In recent years, the contexts in which performances are made have been marked by a global conflict termed a 'war on terror'. The insecurity that this conflict instituted across local and global space intensified anxieties concomitant with a historical period that Zygmunt Bauman has called an 'age of uncertainty'. This thesis draws on the work of Bauman and other political theorists, most notably Giorgio Agamben, to investigate the politics of performance in an age of uncertainty. Following a review of contemporary scholarship exploring the politics of performance, the thesis examines a series of performances that have responded to or otherwise participated in wars on terror. These include: the performed violence of a beheading, the resurgence of 'political theatre' on the London stage and antiwar protest performances during the Iraq war (2003-2008). In addition, the thesis investigates community-based counterterrorism performances in neighbourhoods in the UK targeted as hotspots of terrorist activity following the suicide attacks in London on 7th July 2005. As part of these investigations, a study of the 'war against terrorism' in Northern Ireland (1969-1998), particularly focussing on the counterinsurgency's use of performance as a strategy and tactic of war, highlights the historical continuity of coalitions of performance, crisis and wars on terror. The term 'critical mimesis' is used to generate the conceptual terrain by which the politics of these performances are examined, in particular, to explore how they mirror, reproduce and resist crisis.
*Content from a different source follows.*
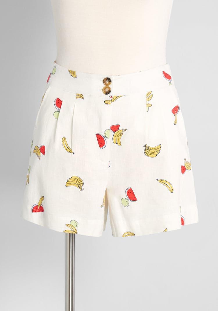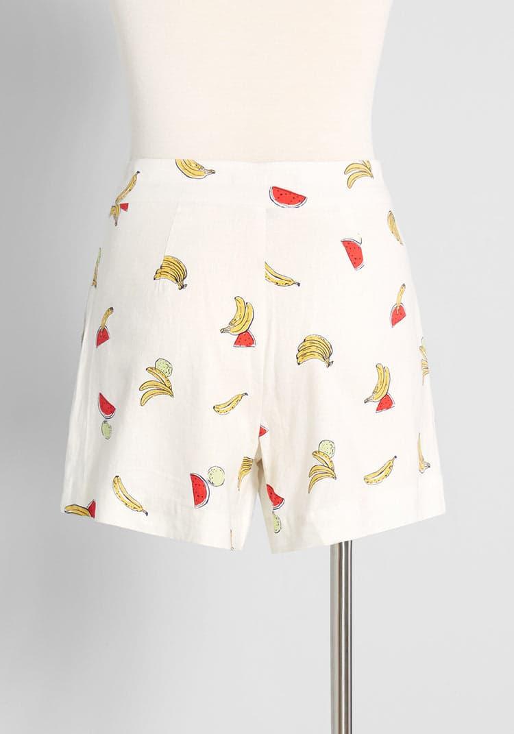 Made of a breathable, lightweight viscose-linen blend weave, these white high-rise shorts from our ModCloth namesake label are too good to pass up for the warm and sunny days summer has in-store. Featuring an exclusive illustrated print of yellow bananas, red watermelon slices, and green melons bunched together that are all scattered throughout, this pair of shorts are more than just flattering, they’re fun! With a dual button-front closure at the zip fly, subtle pleating at the front to add fullness to the leg opening, and a cinched high-waist, their vintage-inspired summer style cannot be denied.Shell: 55% Linen, 45% Viscose. Contrast: 100% Cotton. Machine wash. Side pockets. Semi-sheer. Front zipper with button closure. Imported Fabric provides stretch. 4=11 inches Rise 4=3.5 inches Inseam 16W=13.5 inches Rise 16W=3.75 inches Inseam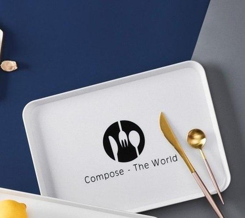 Поднос пластиковый 14423 28х20 см белый с вилкой и ложкой

Motifs of 'refusal' and 'waste' are repeatedly identified as important to the aesthetics and politics of these performances, and comprise the grounds for the thesis' conceptual contribution to understanding a politics of performance in an age of uncertainty. Firstly, the thesis progresses an understanding of performance's political potential as residing in practices of waste. Secondly, this highlights a shift in the focus of politically conscious performance, which moves from concerns for the 'radical' in performance, to reclaiming a conservative ethic and aesthetic as part of performance's radical project. As such, critical mimesis in performance during an age of uncertainty might be understood by means of recourse to concepts of conservation, waste, salvage and restoration, rather than radical excess, transformation or transgression.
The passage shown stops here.